Optimism around a deal was enough to rally stocks, but that faded by Friday as investors took to the sidelines ahead of September payrolls data.

Still, Roth told MarketWatch that he is overweight equities with an optimistic view of the economy, expecting “above-trendline growth” over the next couple of years as “COVID increasingly goes in the rear-view mirror.” He cautioned, though, that “the biggest risk to that outlook is inflation, if not stagflation, from the labor-market and supply-chain problems.”

In the meantime, Roth favors cyclical stocks, such as financial, energy and industrials, as well as “high-quality” companies with strong, durable earnings in the face of inflationary pressures. The energy sector of the S&P 500 was was up nearly 3% Friday afternoon, driving the index’s slim gains, according to FactSet data, at last check.

Read: Should energy’s ‘lonely rally’ in September worry the stock-market bulls?

Which companies are in focus?

  • Camber Energy Inc. CEI appeared the hottest name on Wall Street as the oil-and-gas company’s stock once again was the most actively traded on major U.S. exchanges ahead of Friday’s open. Shares of Camber were down 2.8% in afternoon trading.
  • Shares of ChemoCentryx Inc. CCXI soared 98% on Friday after the company said that it had received approval from the Food and Drug Administration for its Anca-associated vasculitis therapy.
  • Sam’s Club, the Walmart Inc. WMT warehouse shopping club, announced its holiday plans on Friday, which include the launch of a direct-to-home wine delivery service. Walmart shares were up 0.5%.
  • U.S.-listed shares of AstraZeneca AZN gained 0.4% on Friday after the company said an experimental asthma drug it is developing with Amgen AMGN has been given an orphan drug designation as a treatment for eosinophilic esophagitis, a rare inflammatory disease. Amgen’s shares were flat.

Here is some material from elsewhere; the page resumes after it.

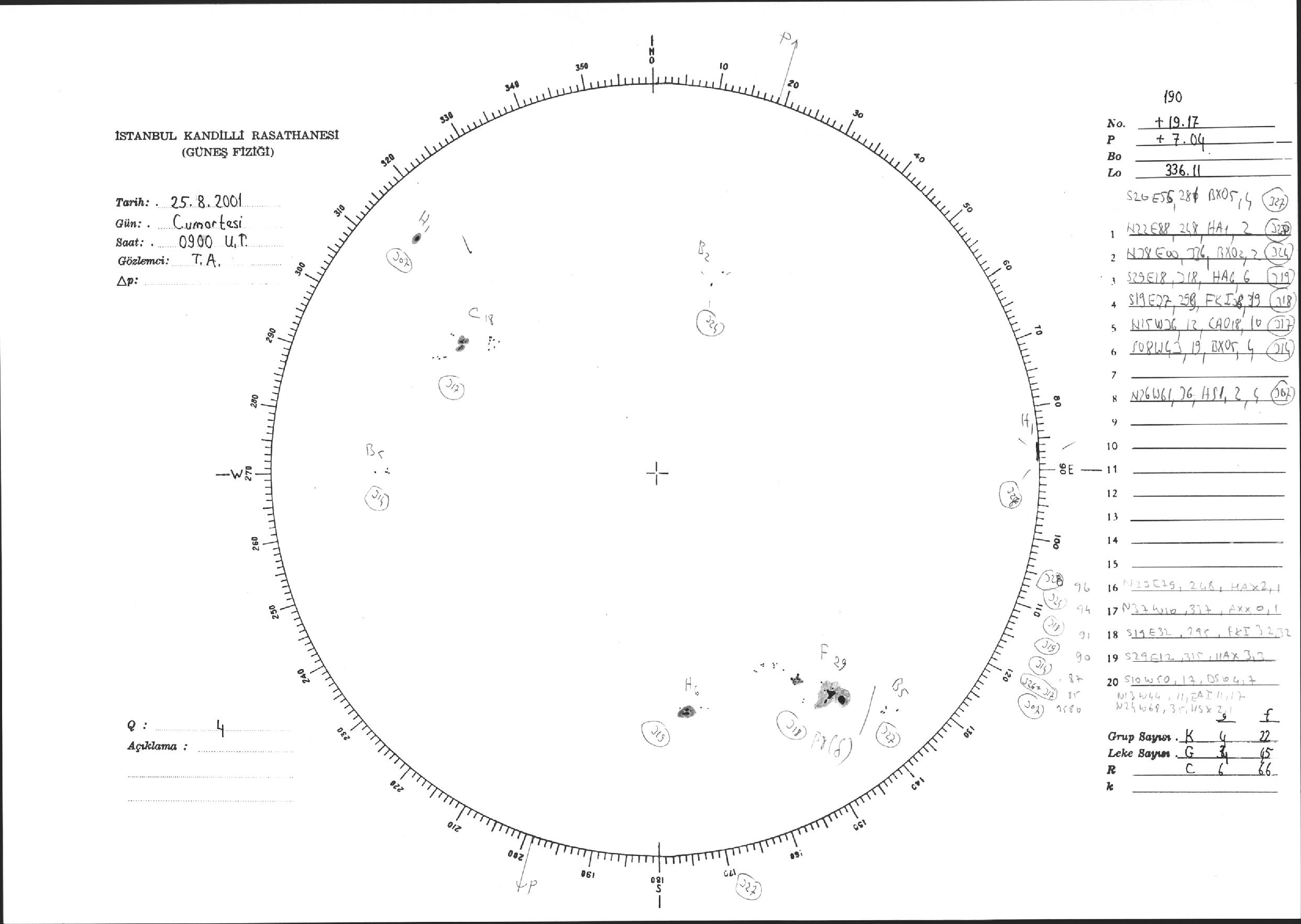 Güneş Lekesi Çizimi - 25.08.2001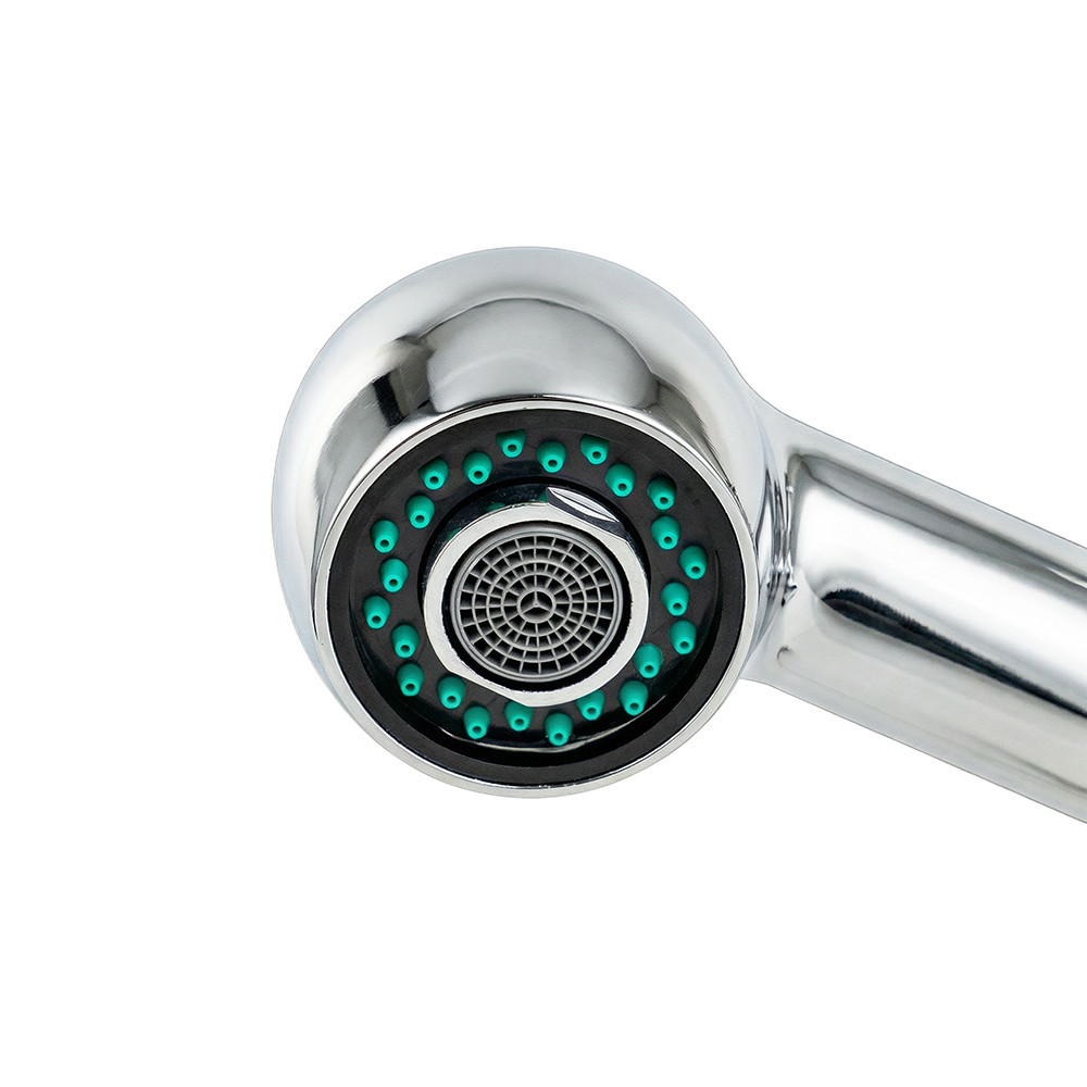 A kihúzható, kétfunkciós zuhanyfej lehetővé teszi, hogy egyszerűen válthass a normál és a zuhanysugaras vízáram között.

How are other assets trading?

  • The U.S. oil benchmark  was up more than 1% Friday afternoon, earlier tapping highs above $80 a barrel and heading for its seventh-straight weekly gain. Gold futures   ended lower, falling 0.1% to settle at $1,757.40 an ounce.
  • The ICE U.S. Dollar Index   a measure of the currency against a basket of six major rivals, was trading 0.1% lower Friday while maintaining a roughly 0.1% weekly gain.
  • In European equities trade, the Stoxx Europe 600  closed 0.3% lower on Friday, but notched a 1% gain for the week. London’s FTSE 100 UKX  also rose 0.3% Friday to log a 1% weekly advance.
  • China’s CSI 300 index rose 1.3% as markets returned from a multiday holiday. China’s Shanghai Composite closed 0.7% higher. Meanwhile, Japan’s Nikkei 225  gained 1.3% on Friday, helping to mitigate a 2.5% weekly decline.

—Barbara Kollmeyer contributed to this report.